Streams with TreeMap return incoherent results

Question

I am trying to solve the following exercise from "Core Java for the Impatient" by Cay Horstmann:

When an encoder of a Charset with partial Unicode coverage can’t encode a character, it replaces it with a default—usually, but not always, the encoding of "?". Find all replacements of all available character sets that support encoding. Use the newEncoder method to get an encoder, and call its replacement method to get the replacement. For each unique result, report the canonical names of the charsets that use it.

For the sake of education, I have decided to tackle the exercise with gargantuan one-liner using the streaming API, even though - in my opinion - a cleaner solution would divide the calculations into a number of steps, with intermediate variables in-between (certainly it would ease the debugging). Without further ado, here is a monster of code I have created:

   Charset.availableCharsets().values().stream().filter(charset -> charset.canEncode()).collect(
            Collectors.groupingBy(
                    charset -> charset.newEncoder().replacement(),
                    () -> new TreeMap<>((arr1, arr2) -> Arrays.equals(arr1, arr2) == true ? 0 : Integer.compare(arr1.hashCode(), arr2.hashCode())),
                    Collectors.mapping( charset -> charset.name(), Collectors.toList()))).
            values().stream().map(list -> list.stream().collect(Collectors.joining(", "))).forEach(System.out::println);

Basically, we take into account only the charsets that canEncode; create a Map with replacement as key and a list of canonical names as values; because grouping didn't work for arrays with default implementation of groupingBy, which uses HashMap, I have decided to use TreeMap. We then work with the Lists of canonical names, join them with comma and print.

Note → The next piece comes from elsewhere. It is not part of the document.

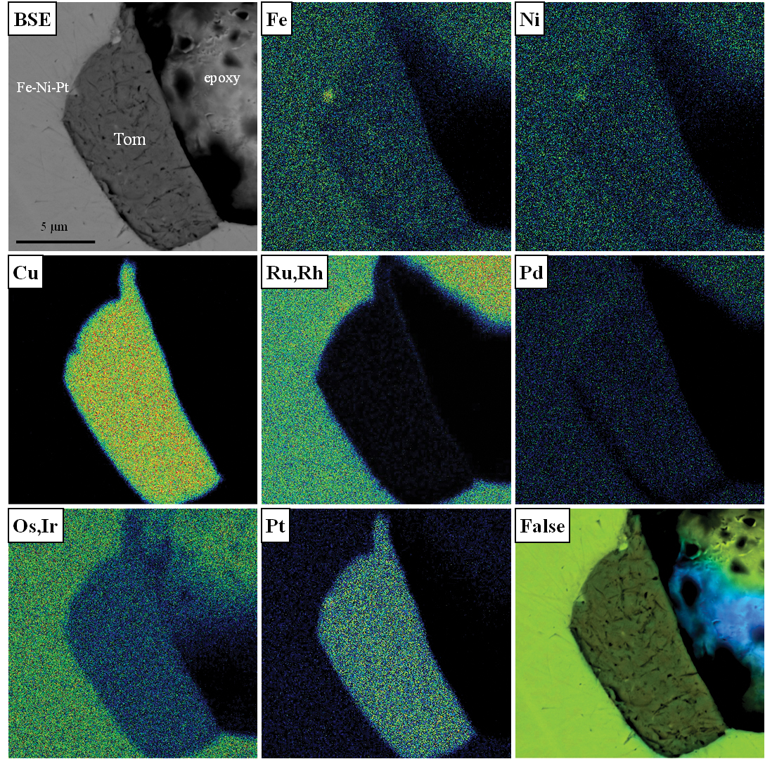 Томамаэит во включениях имеет относительно однородный состав, но иногда он содержит субмикронные образования Fe-Ni-Pt сплава (рис. 2, 3), которые располагаются либо в пределах зерен, либо на границе с минералом-хозяином. Изученный томамаэит имеет состав, близкий к идеальной формуле Cu3Pt, и содержит незначительные примеси Pd (до 2.0 мас. %), Ir (до 1.7 мас. %), Ru и Ni (до 0.6 мас. %) и Fe (до 0.2 мас. %) (табл. 3).

Unfortunately, I have found it to give incoherent results. If I run the function twice in the same program, the first instance returns results consisting of 23 Strings, the second one - just 21 Strings. I suspect it has something to do with a poor implementation of Comparator for TreeMap, which was defined as follows:

((arr1, arr2) -> Arrays.equals(arr1, arr2) == true ? 0 : Integer.compare(arr1.hashCode(), arr2.hashCode()))

If that is the cause, what should be a proper Comparator in this case? Apart from that, can the one-liner be improved in any way?

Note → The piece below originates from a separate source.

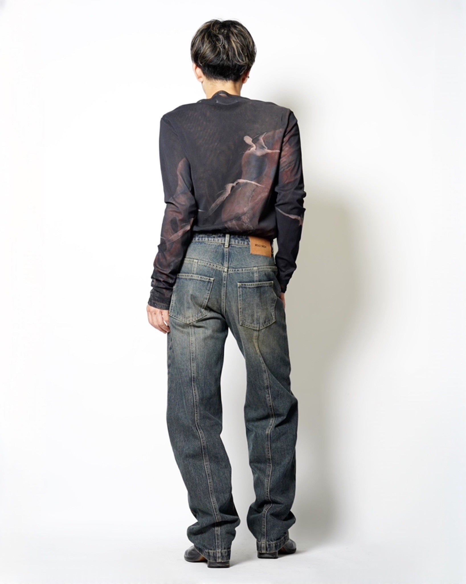 ・バックのシームも特徴となっており、加工によるパッカリングがより強調されています。

I am also curious if such convoluted constructs as the code I have written are encountered in professional programs? Maybe it's only me who find it unreadable?

Answer 1

There is no guarantee that the hash code of two distinct instances will be different. That would be an ideal situation, but is never guaranteed. Only the opposite is true: if two objects are equal, they have the same hash code.

So if you create a comparator that considers the objects to be the same when they have the same hash code, arbitrary objects might be considered to be the same. Since the byte[] arrays returned by replacement() are defensive copies, read temporary objects, the result may vary in every run of this code.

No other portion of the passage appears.